To Map or Not to Map

to Map or not to Map?
the next time you look at one,
think about who doesn’t appear in it.
ZIP File TAR Ball GitHub

Use Python, PIL, and PyProj
to show latent bias in maps

Credits
Author

Joshua Tauberer, Ph.D.

Edited by the Commerce Data Service

Tyrone Grandison, Ph.D.
Star Ying

Foreword from the Commerce Data Service:
In today's world, data is king. We are surrounded by lots of it - different types, coming in at different rates, representing multiple facets of things that we are interested in. So much of it that we often find it difficult to make sense of it all. Thus, we hunt for intuitive and convenient ways to represent the data so that we can make sense of it. The most commonly used visualization currently is the map.

Have you ever thought about the inherent bias that is in a map? Joshua Tauberer's recent post on Medium (avaialble here) provides an interesting and compelling discussion of the topic. As data practitioners, we more easily question and discuss the appropriateness of using one visual tool or another. Unfortunately, this rigor is not as common when it comes to maps.

The Commerce Data Service was so impressed with Joshua's analysis and message that we collaborated with him to create a Commerce Data Usability Project tutorial from his Medium post.

Maps can lie
Maps tell a story. And maps can also be used to deceive. Think back to the famous episode of The West Wing (here) about the almost unconscious choice by most to accept and use a deceptive map projection — Greenland is not that big and Africa is not that small.

But there’s another problem: Because we don’t all live evenly spaced throughout the world, demographic maps favor populations that live in low density areas. Here’s why that’s meaningful:

Although racial minorities make up 26% of the U.S. population, they account for just 16% of the space on typical demographic maps of the United States. This has real policy implications.
The 50% of the U.S. population in the most dense part of the country lives in just 1% of the nation’s land area. Who actually lives in the 99% of the country we see?
Maps of political sentiment normally give more space to a specific political group. For example, although Obama took just over 50% of the vote in the 2012 election, his voters account for only 38% of the space on a typical election map — making it look like his opponent should have won.
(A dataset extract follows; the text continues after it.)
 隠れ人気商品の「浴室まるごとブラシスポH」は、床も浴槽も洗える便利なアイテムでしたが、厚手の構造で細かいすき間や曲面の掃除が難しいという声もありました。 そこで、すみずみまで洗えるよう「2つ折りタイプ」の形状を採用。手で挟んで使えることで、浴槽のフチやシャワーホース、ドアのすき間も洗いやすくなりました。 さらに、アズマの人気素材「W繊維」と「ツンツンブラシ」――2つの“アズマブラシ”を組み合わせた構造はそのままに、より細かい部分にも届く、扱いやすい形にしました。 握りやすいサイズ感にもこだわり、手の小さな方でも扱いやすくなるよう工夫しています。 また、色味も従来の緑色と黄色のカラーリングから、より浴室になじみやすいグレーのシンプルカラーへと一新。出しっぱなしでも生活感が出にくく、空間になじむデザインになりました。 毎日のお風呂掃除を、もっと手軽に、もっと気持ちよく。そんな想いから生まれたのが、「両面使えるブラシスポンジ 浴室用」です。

It’s not surprising that there are disparities in how populations are represented following the urban-rural divide. But it is alarming just how large those disparities are.

Just the Basics
Let’s start with the basics: Most Americans in the contiguous United States live in or near metropolitan areas.
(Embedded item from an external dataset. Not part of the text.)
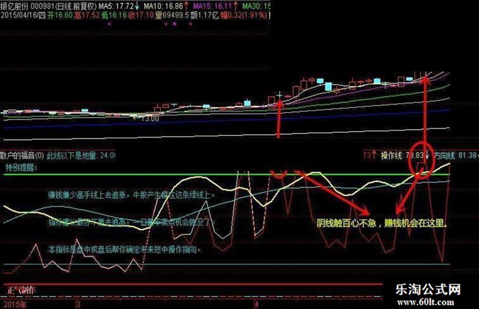 这个指标是我自用的,献给买卖股票根本不清楚股票在什么位置,散户的福音指标可以帮你,指标运用的好可以把风险降到最低。本指标非常简便只要仔细研读说明一般不会很难。掌握了说明技巧就是握有一把宝库的钥匙,需要什么时候开启就可以任意去开启,本指标的意义就是使炒股买卖更方便。

All of those people — 50% of the U.S. population — inhabit just 1% of the land area:

And, the converse is also true: about 50% of the country’s land area is inhabited by just 1% of the population.

In a typical demographic map, counties (or equivalent) are colored according to some measurement. Grouping people into counties evens out the population density, slightly. When you group individuals into counties, half of the map (57%) is inhabited by 5% of the population. Here’s how that looks, with most of the Midwest and West empty:

That’s a problem.

No one actually lives in most of the places demographic maps portray.

It’s the same 5% of the population who live in most of these maps who we are looking at over and over again.

And most of the other parts of the map are not representative of the population as a whole either because urban areas are disproportionately squeezed.

How to know
To quantify how people show up on a map, Josh combined the U.S. Census’s 2010–2014 American Community Survey 5-Year Estimates (ACS) with the U.S. Census’s 2014 TIGER geospatial data, which says where those people are located. He made a separate image of the 71,954 Census tracts and the 3,108 counties in the contiguous United States and counted up how many pixels each tract and county took up in the image. (See the end of the post for further details.)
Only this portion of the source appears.